[Source material]
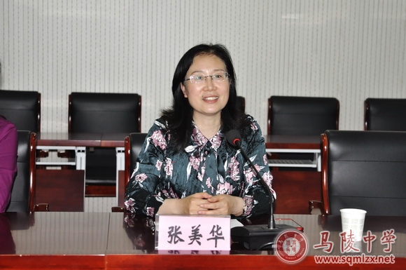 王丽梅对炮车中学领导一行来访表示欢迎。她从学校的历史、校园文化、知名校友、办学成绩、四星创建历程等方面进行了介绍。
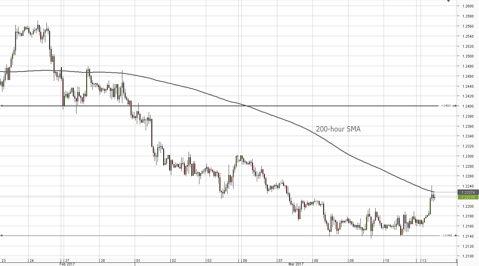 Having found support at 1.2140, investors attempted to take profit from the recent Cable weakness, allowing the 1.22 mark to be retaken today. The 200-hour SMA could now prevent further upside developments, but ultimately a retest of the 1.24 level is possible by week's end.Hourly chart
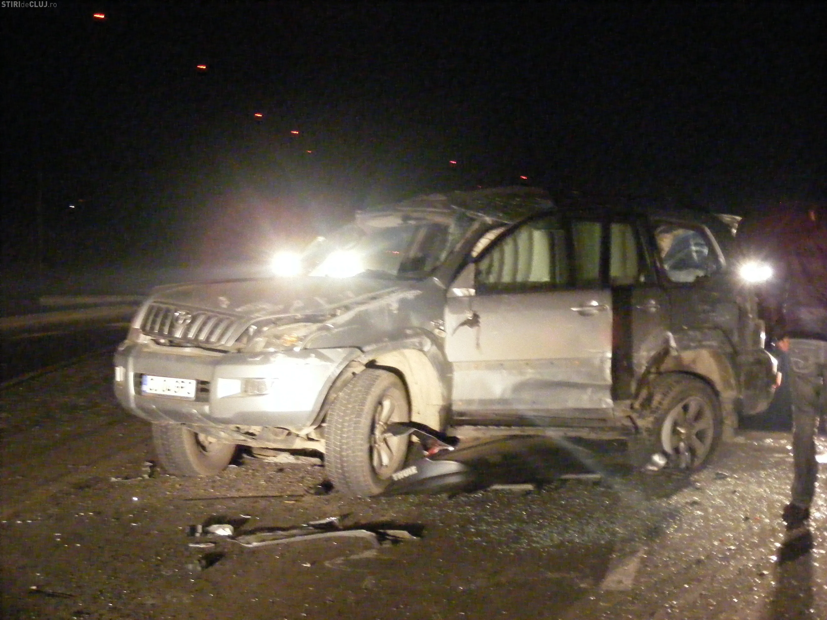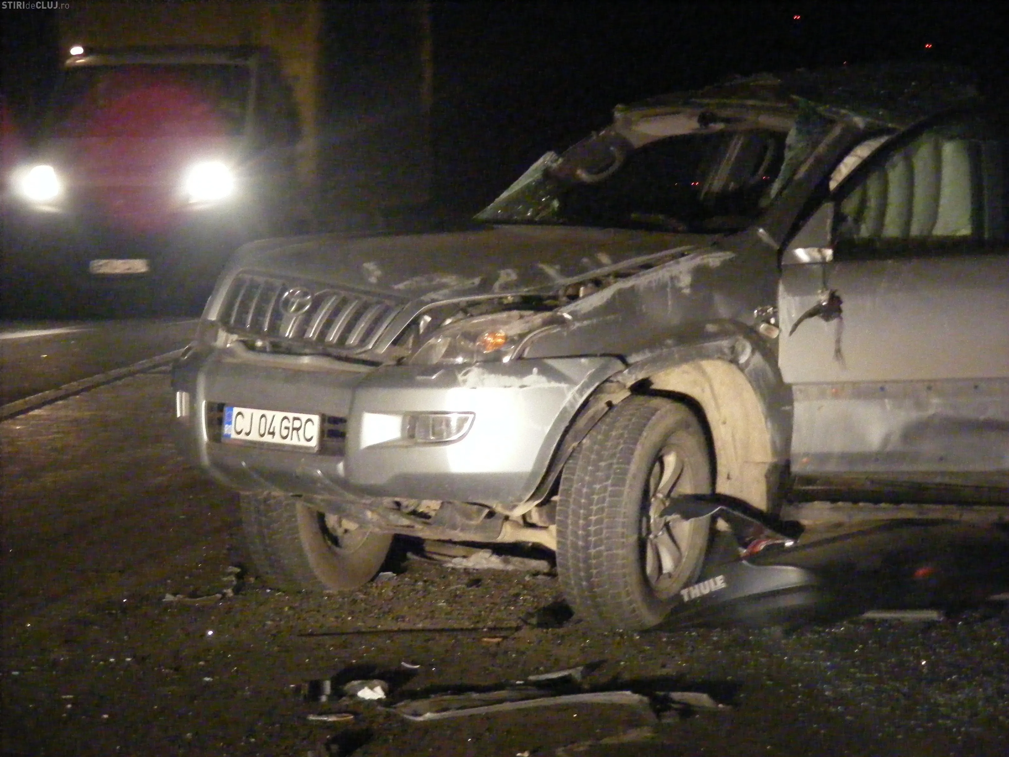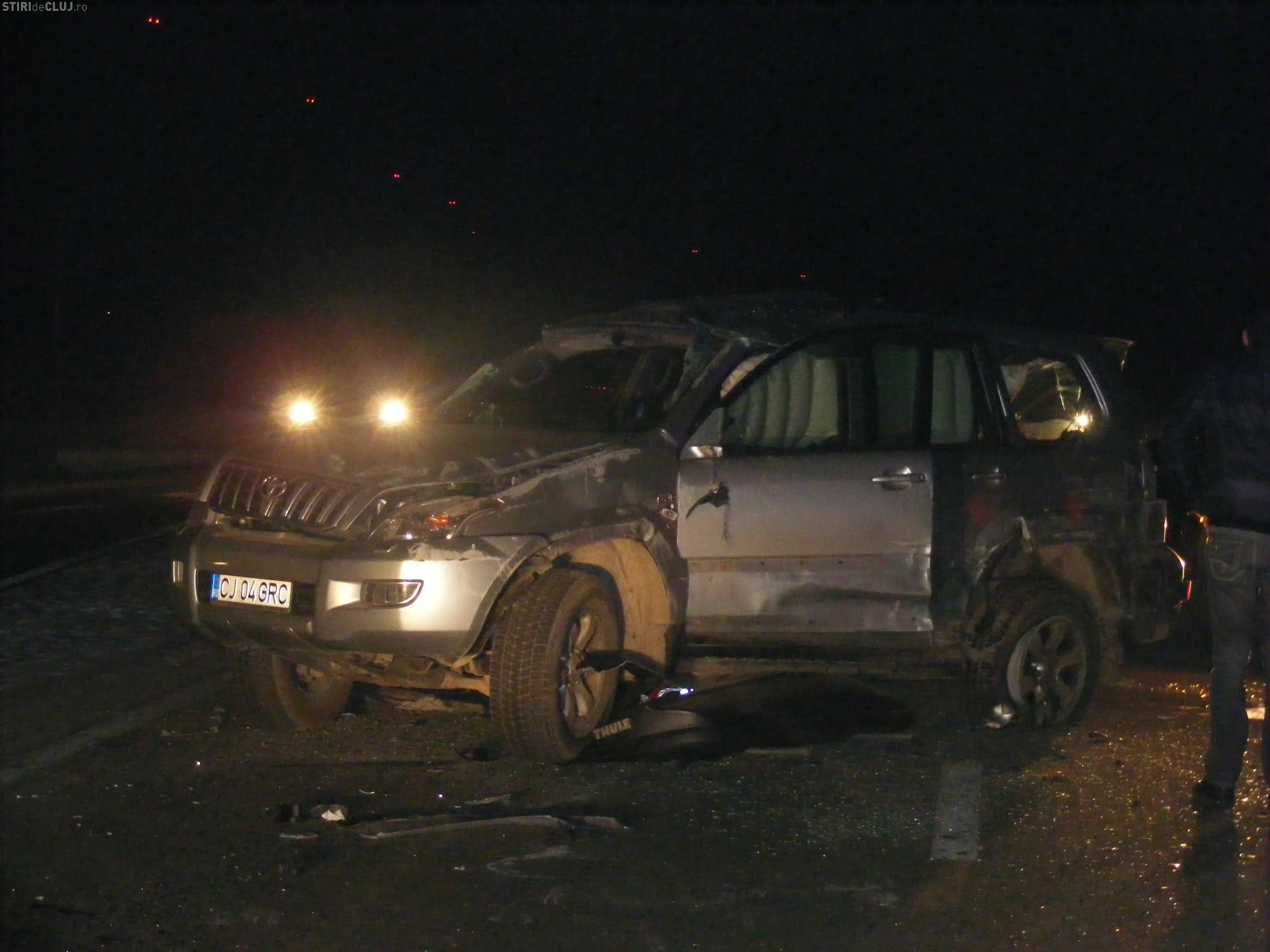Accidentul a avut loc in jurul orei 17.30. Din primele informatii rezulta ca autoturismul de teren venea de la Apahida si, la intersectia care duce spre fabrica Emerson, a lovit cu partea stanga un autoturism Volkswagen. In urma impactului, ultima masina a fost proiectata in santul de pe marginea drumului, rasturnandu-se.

[Aim of the task]
Every line from the one that holds "Having found support" to the end of the listing should be output exactly, with pictures left out, please.

[Solution to this problem]
 Having found support at 1.2140, investors attempted to take profit from the recent Cable weakness, allowing the 1.22 mark to be retaken today. The 200-hour SMA could now prevent further upside developments, but ultimately a retest of the 1.24 level is possible by week's end.Hourly chart
Accidentul a avut loc in jurul orei 17.30. Din primele informatii rezulta ca autoturismul de teren venea de la Apahida si, la intersectia care duce spre fabrica Emerson, a lovit cu partea stanga un autoturism Volkswagen. In urma impactului, ultima masina a fost proiectata in santul de pe marginea drumului, rasturnandu-se.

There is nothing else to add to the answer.